Русская армия и флот в XIX веке - Любомир Бескровный
Шрифт:
Интервал:
Закладка:
Главными предметами учебного плана были тактика и стратегия. Под тактикой подразумевалось «искусство образовать войска и посредством оных приводить в исполнение соображения стратегии, которая, в свою очередь, есть искусство устремлять наивыгоднейшим образом к достижению цели войны». Сначала курс тактики подразделялся на начальную и высшую, но вскоре было признано, что в задачу стратегии должно войти лишь изучение основ высшей тактики. Увлечение стратегией продолжалось недолго. В 40-е годы снова вернулись к прежнему делению курсов. Было установлено, что основанием преподавания начальной тактики должны стать строевые уставы, поскольку академия «должна приготовлять не столько ученых, сколько… офицеров для службы в войсках».
Стратегия предусматривала освещение систем известных военных теоретиков, при этом ни одна из этих систем не признавалась полностью приемлемой. Исходным пунктом курса было то, что «постоянных и безусловных правил для действий нет, и сама стратегия состоит из исследования элементов и средств и в оценке их влияния на ход войны». Генерал Медем, читавший этот курс, учил, что «никакая теория не может выучить искусству вести войны», она лишь может подготовить к этому.

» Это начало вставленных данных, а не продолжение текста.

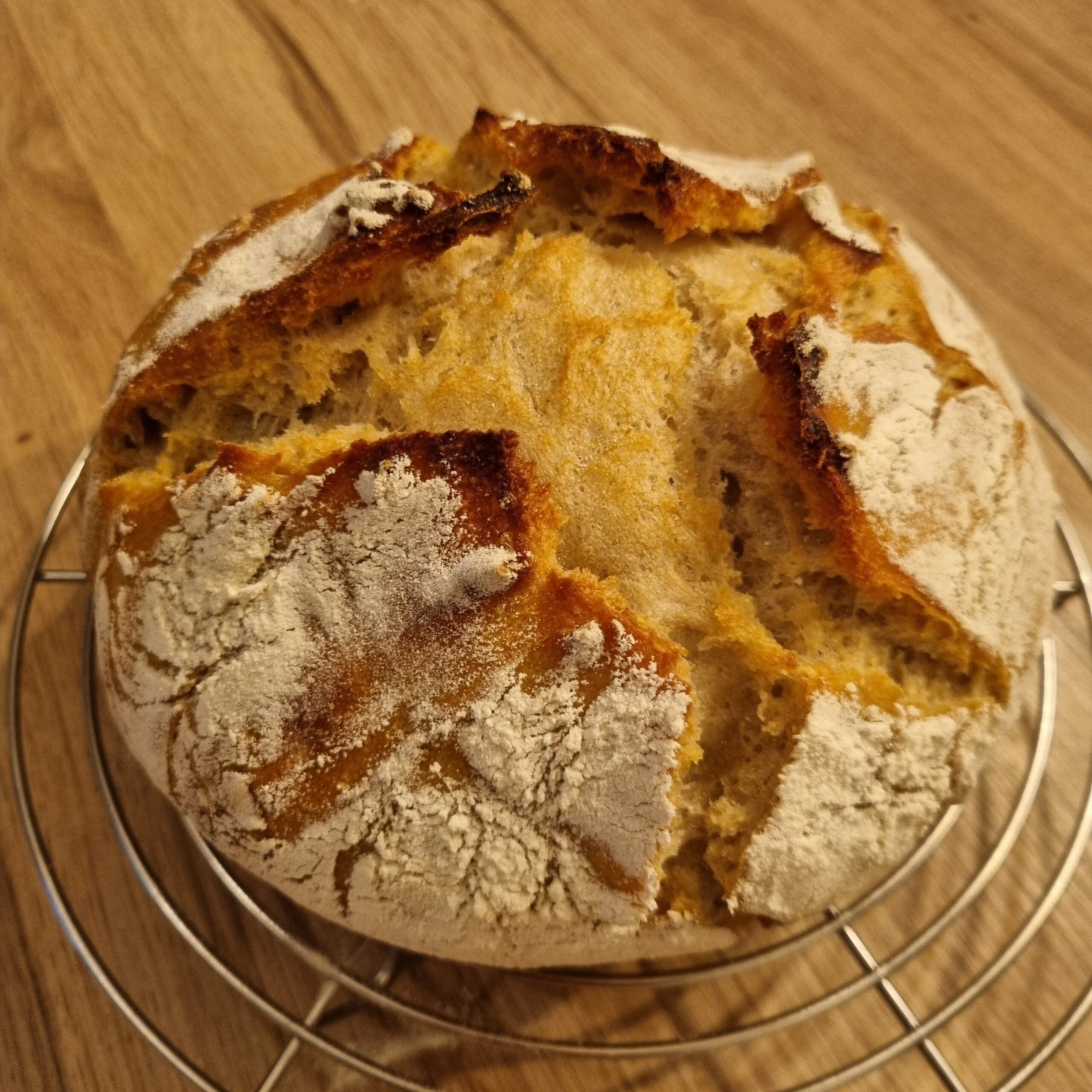 Lorsque la cuisson est terminée je sors le pain de la cocotte et je le pose sur une grille et le recouvre d’un torchon. Il va devoir refroidir plusieurs heures avant d’être mangé.
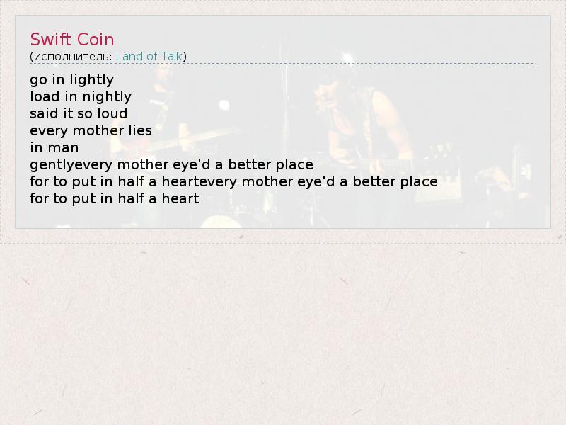 А как ты думаешь, о чем песня "Swift Coin" ?
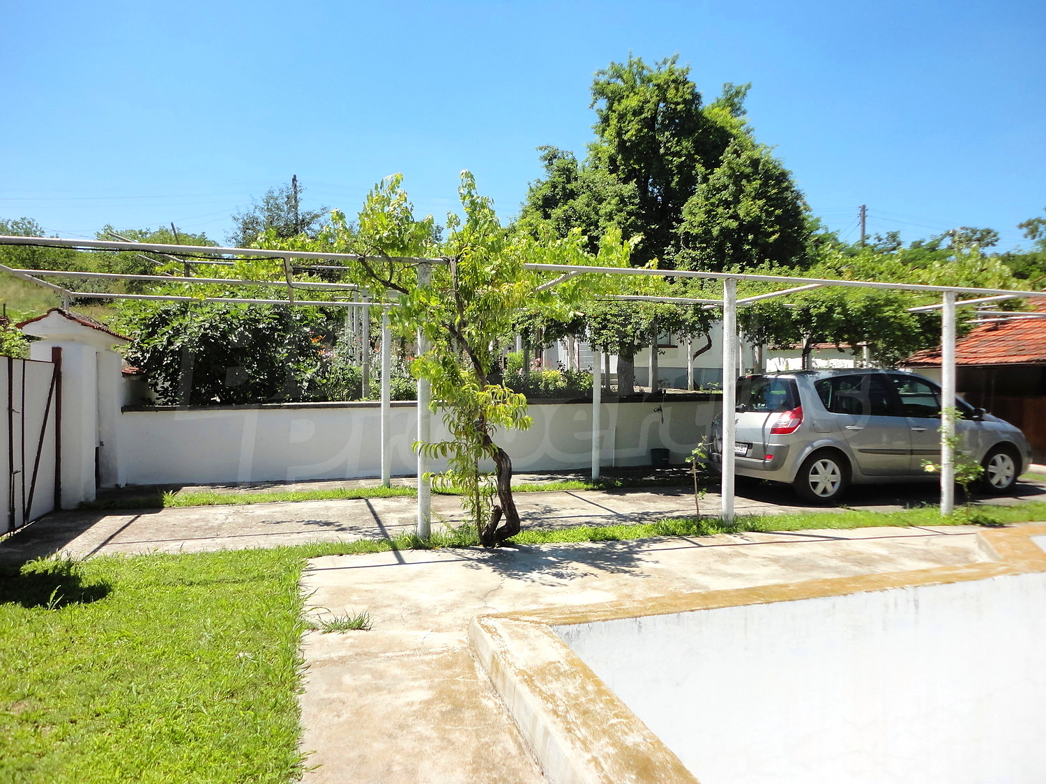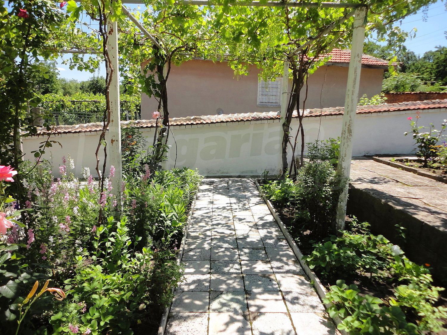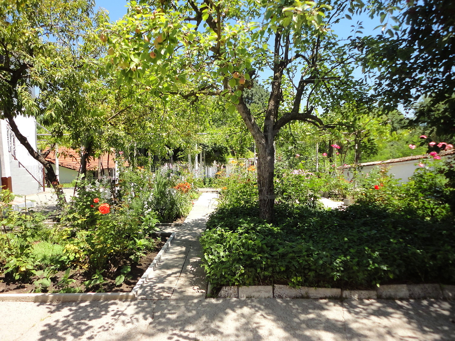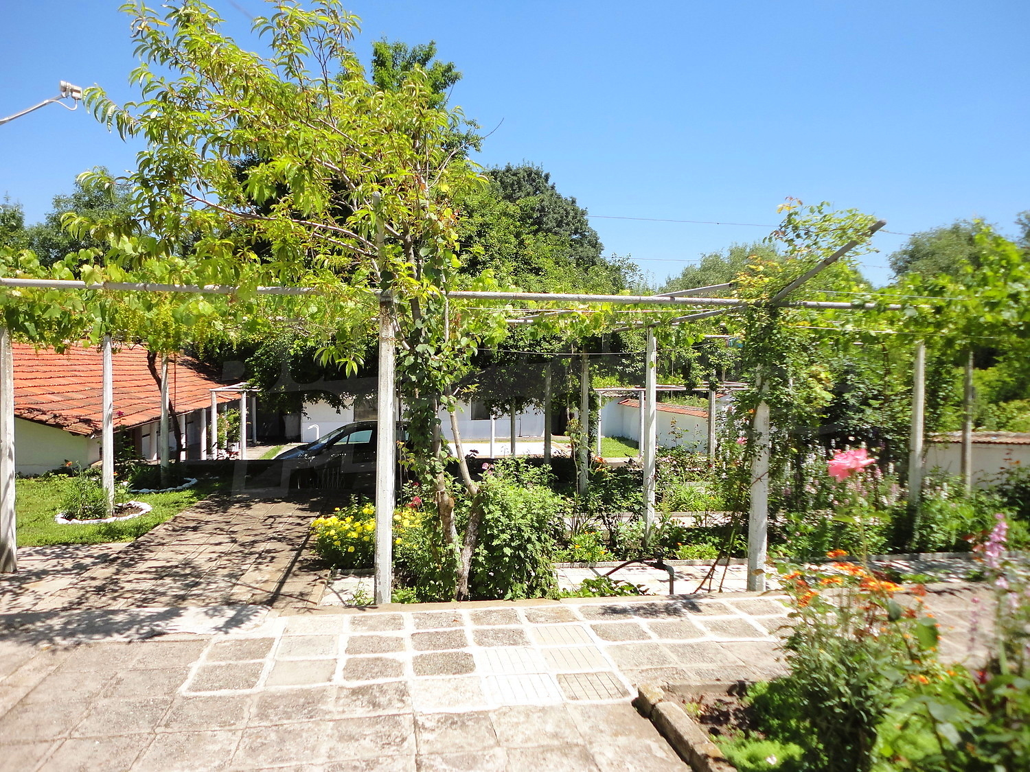 The garden is planted with fruit trees, flowers and trellis vine. There is also a swimming pool.
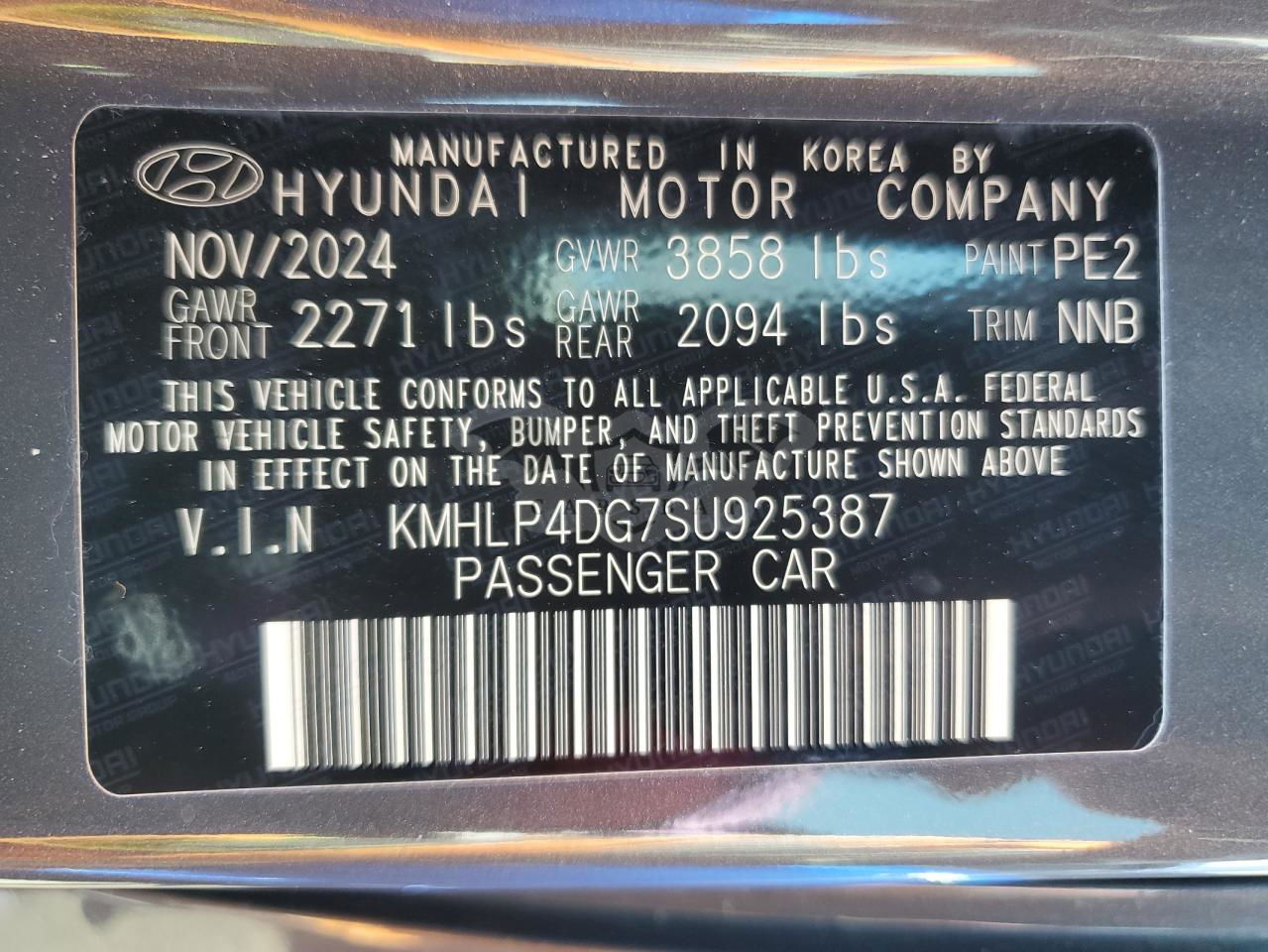 • VIN: KMHLP4DG7SU925387

Большое место занимала военная история, которая дополнялась курсом военной литературы. В учебный план входили также военная география и статистика, геодезия и топография, дополняемые черчением и съемкой. Остальные предметы занимали в учебном плане подчиненное положение.
В первые два десятилетия нащупывались как сам объект знаний, так и установление форм учебного процесса в академии. В отношении тактической подготовки был определен объем знаний в пределе полк — дивизия. В части стратегической — в пределе армии. Все остальные курсы должны были служить формированию офицера, способного мыслить оперативно-стратегическими категориями. Поскольку академия не имела готовых учебных курсов, то профессорам приходилось их создавать самим и размножать литографическим способом.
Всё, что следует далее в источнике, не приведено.